Presenting the Peacebuilding Commission’s annual report, Olof Skoog, former Chair of the body, said that over the past year, important steps had been taken to improve the efficiency and flexibility of the Commission, thereby striving to further enhance the relevance of its work, broaden the scope and reach of its efforts, and improve its accountability.

“This includes adopting more transparent and strategic working methods, a more flexible agenda and increasing inclusivity; improving partnerships with regional and sub-regional organizations; and highlighting peacebuilding needs in the Ebola recovery,” he said.

Specifically, Mr. Skoog highlighted that during its ninth session, the Commission had convened regional and country-specific discussions concerning situations beyond its established agenda.
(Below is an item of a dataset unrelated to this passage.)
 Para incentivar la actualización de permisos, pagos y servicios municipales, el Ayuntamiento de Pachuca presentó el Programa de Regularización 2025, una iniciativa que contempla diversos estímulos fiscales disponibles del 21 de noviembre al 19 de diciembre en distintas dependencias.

The Organizational Committee had opportunities to discuss peacebuilding needs and lessons learned in several contexts, such as the peace process in Papua New Guinea, elections in Burkina Faso, and financing for peacebuilding in Somalia.

“Going forward, this work can, and should be, further expanded. In my view, there is great scope for the commission to keep evolving in this regard,” he said, adding that the resolutions adopted in April give the Commission a “clear mandate” to continue diversifying its working methods in support of sustaining peace.

Mr. Skoog also noted that the Commission had, over the past year, moved to highlight thematic and regional issues of relevance to its work. For example, to draw attention to the peacebuilding needs within the Ebola recovery, both the previous and current Commission chairs had travelled to West Africa.

In that regard, he stressed that the Commission should further use such momentum to deepen and institutionalize cooperation with regional and sub-regional organizations, both in the Commission as a whole and in country-specific work.

During its ninth session, the Commission also worked to advance interaction with a more diverse group of actors, Mr. Skoog said.

The drafting of a gender strategy for the Commission was initiated, and a special session was organized to discuss how to advance the youth, peace and security agenda and champion youth participation for sustainable peace.

“The convening role of the PBC should be utilized even further, as it is one of the most important tools we have to foster greater coherence in international action, and to help break some of the silos and address fragmentation,” Mr. Skoog said.

“This, in turn, is a prerequisite for our ability to support genuine national leadership and ownership in peacebuilding processes,” he added.